Thorpe-Freeman Monthly Blog Award: The Paradox of Spontaneous Order

This month brought us a number of blogs worthy of consideration. Particularly of note and honorable mention were two runner-up entries:  Henry Moore, commenting on Ross Emmett's  article “What's Right About Malthus,” first infers two themes embedded in Emmett's commentary: that great theorists “illuminate the path” and that “human institutions can mitigate human (nature).” Moore then extends Emmett's observations concerning “what's right” about Malthus to salvage portions of both Herbert Spencer's and  Pierre-Joseph Proudhon's thinking. Moore's blog effectively reminds us that just because they didn't get it all right doesn't mean they got it all wrong.

And Babatunde Onabajo, commenting on the same article, likewise provides additional valuable insight by linking Malthus' belief that a “uniform course of prosperity” would “degrade (rather) than exalt the character” to a defense of the business cycle that is a centerpiece of anti-capitalist criticism. It is common economic wisdom that recessions provide incentives to economic players to correct inefficiencies.  Less common is Malthus' moral observation that economic downturns may provide individuals (and by extension society) with opportunities to develop and strengthen “virtues … such as charity and piety.”                       

The winner this month is Adam Millsap, for his observations on Troy Camplin's article "The Beautiful City."

Millsap extends Camplin's observations about the paradoxes that make a city beautiful by speculating on what may be some of the causal factors that have led to the re-emergence, in recent years, of many vibrant urban communities.
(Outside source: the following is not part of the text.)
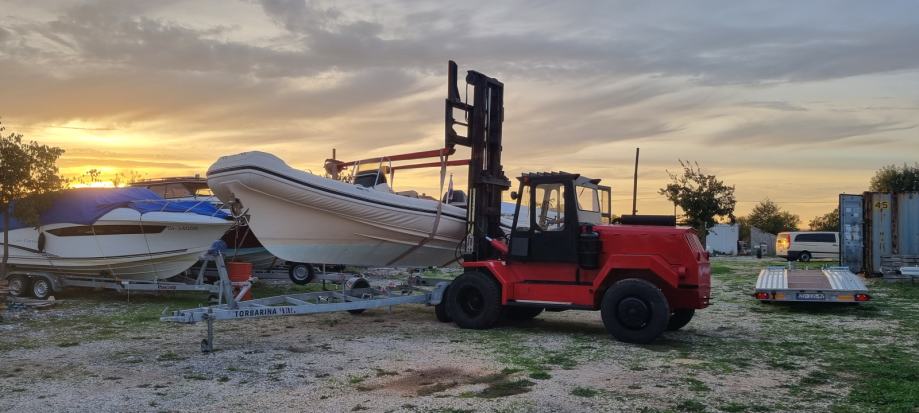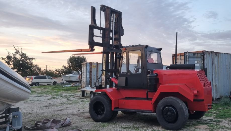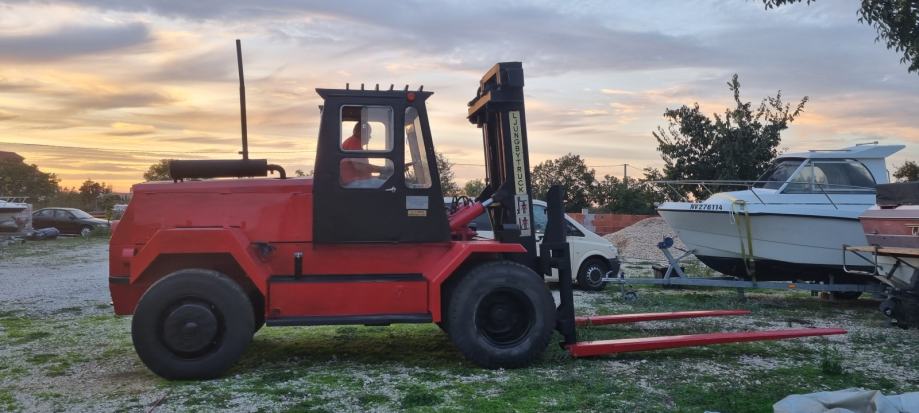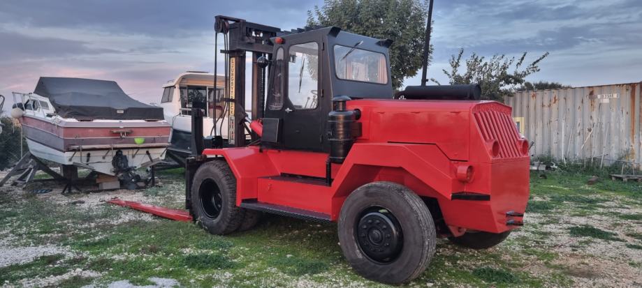Nosivost je 8 tona, visina podizanja je cca 3,30 m. Vilice se mogu skupljati i širiti. Mjenjač ima 3 brzine, gume su 20"-22.5". Prednja rasvjeta je ispravna, a stražnju bi trebalo urediti. Radi na 24V. Duljina produžetaka je 3 metra.

Though Millsap clearly decries excessive urban planning and “burdensome zoning and regulation” as inimical to the “controlled chaos” that produces the paradoxes Camplin identifies as the source of a city's beauty, Millsap nevertheless recognizes that the subsidies embedded in urban transportation systems may have had the effect of lowering the cost of urban dwelling relative to suburban commuting. Libertarians need not love central planning to recognize its consequences, even when narrowly or inadvertently positive; and one may either love or hate the consequences and still recognize the causal relationships that may have produced them.

Millsap's speculations thus provide a mental springboard encouraging the reader to consider more fully the factors that have led to “the renewed interest in city living.” Millsap's speculations range wide, from the gender distribution of college degrees to the availability of affordable housing to the need for specialized labor forces to juxtapose with a variety of employment opportunities. Where Camplin provides a poetic appreciation of the contrapuntal tensions that allow a city's beauty to emerge, Millsap provides an array of speculative hypotheses concerning the social and economic factors that may have facilitated that emergence.

Congratulations to Adam, this month's recipient of the Thorpe Blog Award.